In the spring of 2014, as Russia illegally annexed Crimea, my son Raimundas was completing a Russian language course in Moscow. Though he had been planning to continue on to a master’s program in England, when he finished the course he returned to Vilnius and joined the Lithuanian Armed Forces. He is a grandchild of deportees to the USSR’s Siberian gulag who were wounded by Russian special forces while supporting Lithuania’s partisan insurgency—which lasted until 1970s. I was proud of him for making the commitment. At the time, I was the European Union Ambassador to Russia, but I could not imagine Raimundas would ever have to put his training to use, defending our country from Russians. Now the calculus has changed. Today Russia invades Ukraine, tomorrow it could be the Baltics.
As Lithuanians, we are reassured by the support of the United States and NATO. As George W. Bush said when we joined NATO: “Anyone who would choose Lithuania as an enemy has also made an enemy of the United States of America.” In the seventy three-years of NATO’s existence, neither the Soviet Union nor Russia has dared to cross the red line. But our history, and the present moment, prove that we cannot be complacent—especially given our understanding of Vladimir Putin. Over the years, I’ve attended several summits and dinners with him and sometimes we chatted informally. Our exchanges were unremarkable. He was detail oriented and famously impressive in his knowledge of policy minutiae, especially regarding oil and gas: extraction sites, supply capacity, pipeline size, prices and so on. But it is clear at this point that his controlling attention to detail is hostage to violent delusions—not least imaginary Neo-Nazi oppression in Ukraine and his role as savior in a warped missionary tradition.

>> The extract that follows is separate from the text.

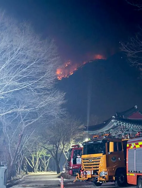The death toll from South Korea’s ongoing forest fires has risen to 27, with 32 injured. The fires, which began on March 21 in South Gyeongsang and North Gyeongsang provinces, continue to spread, reaching the coastal areas of the East Sea. Efforts to control the blaze in Uiseong and Ulju are ongoing, with military support. Power and water outages have been reported in Andong and Yeongdeok.

We had plenty of warning. In 2016, several people with a close, long-term, personal access to Vladimir Putin told me they were in a “fight for Putin’s mind.” Their aim was to balance his spy-war mentality with attention to Russia’s acute internal challenges; to encourage modernization, investment, and diversification rather than war. Their opponents in this fight were conservative elements of the Russian Orthodox Church and a narrow circle of military and intelligence officials, commonly known as the “siloviki,” who emerged from the KGB and other elements of the Soviet security apparatus. Whether out of convenience or conviction, these men believed Putin had to wage war in order to preserve power in Russia and defend the “Slavic World” from an evil West. Disillusioned of not getting the “equal vote” in the Western institutions under his terms and with no membership prospects in NATO and E.U. for Russia, while hearing about future plans for Ukraine and Georgia to become members of NATO, Putin’s mind went wild.

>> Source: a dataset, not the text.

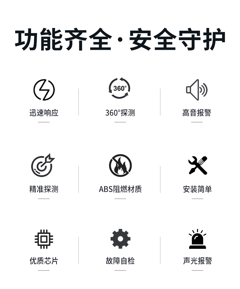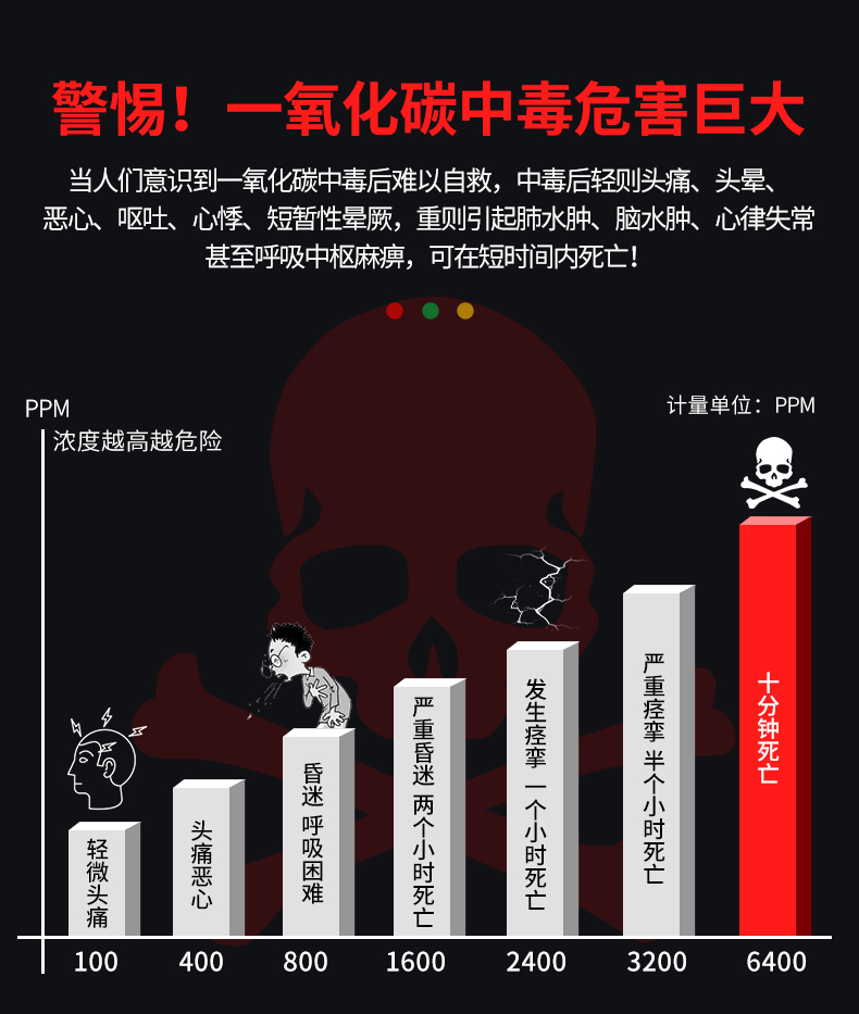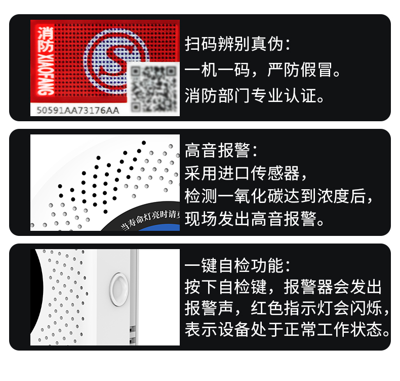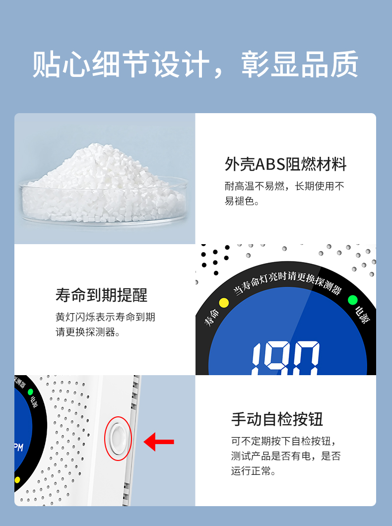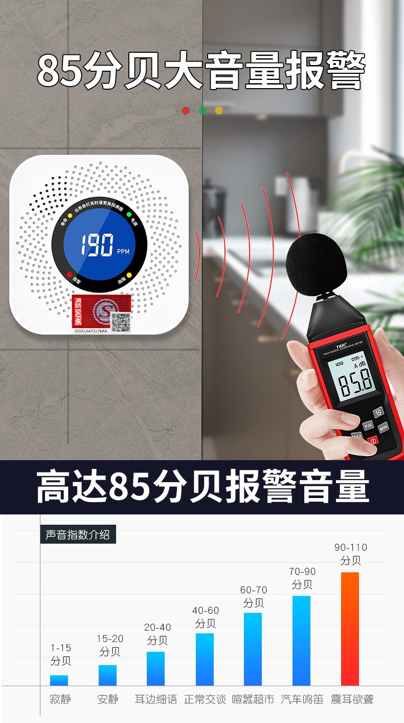 一氧化碳報警器(型號PA-008) 產品規格 功能特點 資料下載 一氧化碳報警器(型號PA-008)檢測氣體、燒煤、燒柴、燒炭、蜂窩媒、露營封閉環境、封閉車內85分貝報警音量.LED液晶屏幕顯示故障自檢: 綠燈(正常)、黃燈 (故障、需要檢修) 紅燈(氣體濃度超標) 5.報警方式:蜂鳴聲提示 6. 產品保險:1000萬承險 7. ABS阻燃材質適用場景:適用于廚房、浴室、起居室、火鍋包廂、飯堂等長時間空氣不流通的場所安裝一氧化碳報警探測器

The brutal and unprovoked invasion of Ukraine demonstrates that the fight for Putin’s mind is over. The clearest warnings, in retrospect, came not from a select few inside the Kremlin, but from Putin himself. The speech he gave after his recent televised Security Council meeting was more bellicose than usual but, in terms of narrative, policy and aims, contained little that that he did not say in 2013. Back then, and in the intervening years, the West simply did not want to hear what he was saying. For myself and the European leaders I worked with, it was too difficult to imagine the rosy dream of integration, from Lisbon to Vladivostok, shattered. And so we did not respond vigorously enough to his escalations. Shortly after the 2014 invasion began, I cabled senior colleagues in Brussels, recommending severe sanctions on many of Putin’s closest associates and every member of the Russian Duma who voted for the annexation of Crimea. My colleagues, to my dismay, initially claimed they didn’t see the email. In frustration, I circulated it to wider audience, but to no avail. As Europeans, we did not take the initiative. We were reactive rather than proactive.

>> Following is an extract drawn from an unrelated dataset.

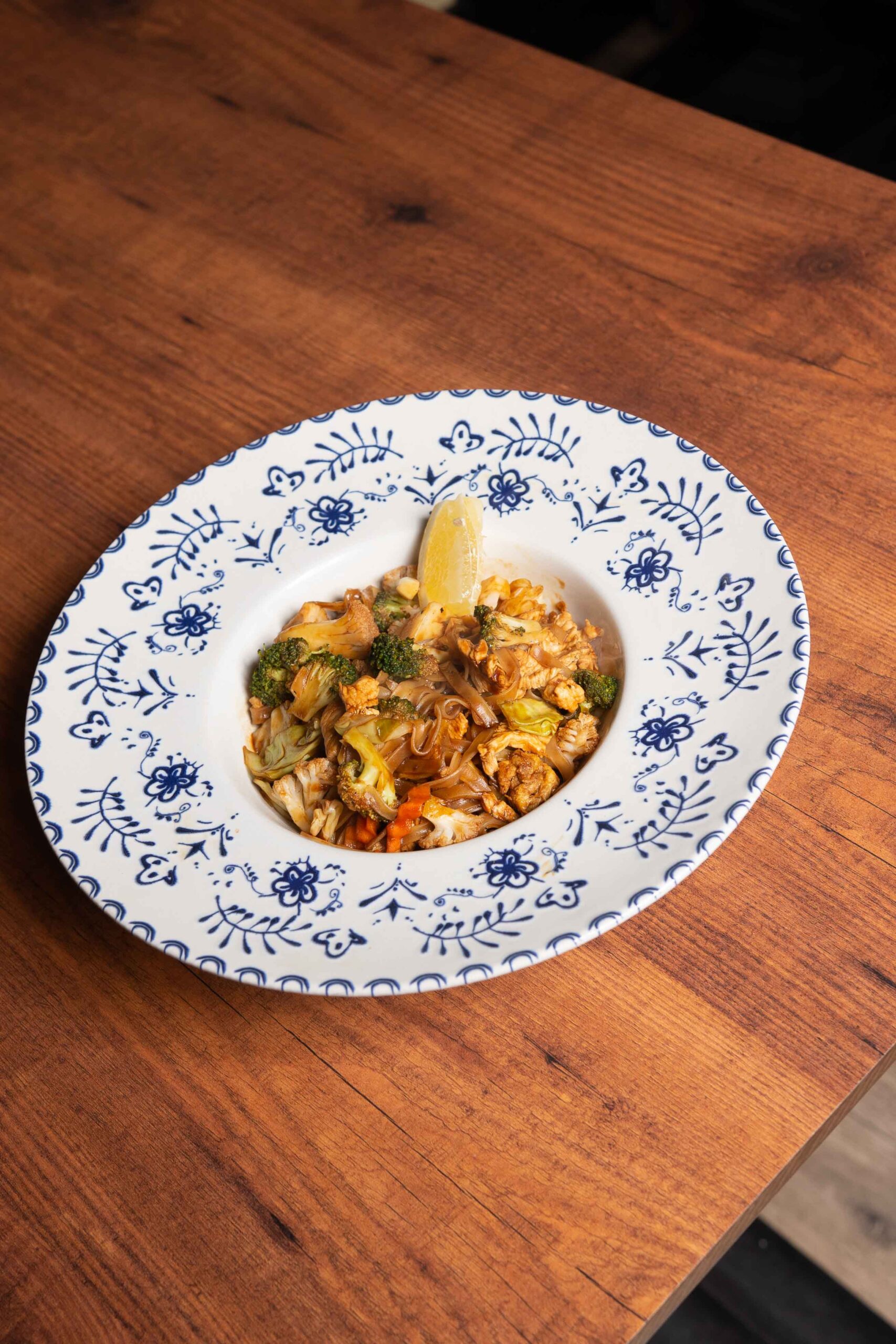 Tăieței de orez, broccoli, conopidă, morcovi, varză albă, zahăr, sos soia, (ou) 200g Alergeni: 3, 6

We must not make the same errors again. The E.U. and NATO are demonstrating resolve to defend the international, rules based system through sanctions, but there is more to be done. The future of Russia is ultimately in the hands of Russians, but the West must do everything in its power to present an attractive geo-strategic alternative for a post-Putin future. Inviting Ukraine into accession negotiations with the E.U. is a necessary step. At the same time, we must protect ourselves and the men like my son who volunteer to guard our eastern flank. NATO must provide more substantial assistance to Ukrainian forces and project a permanent military presence into the Baltics. While we appreciate assurances of support, what we need are American boots on the ground and NATO defense posture in place. That is what Putin understands, and the stakes could not be higher. For now, he aims to subjugate Ukraine into a vassal state, but make no mistake: his endgame is to push Russian borders as far West as possible.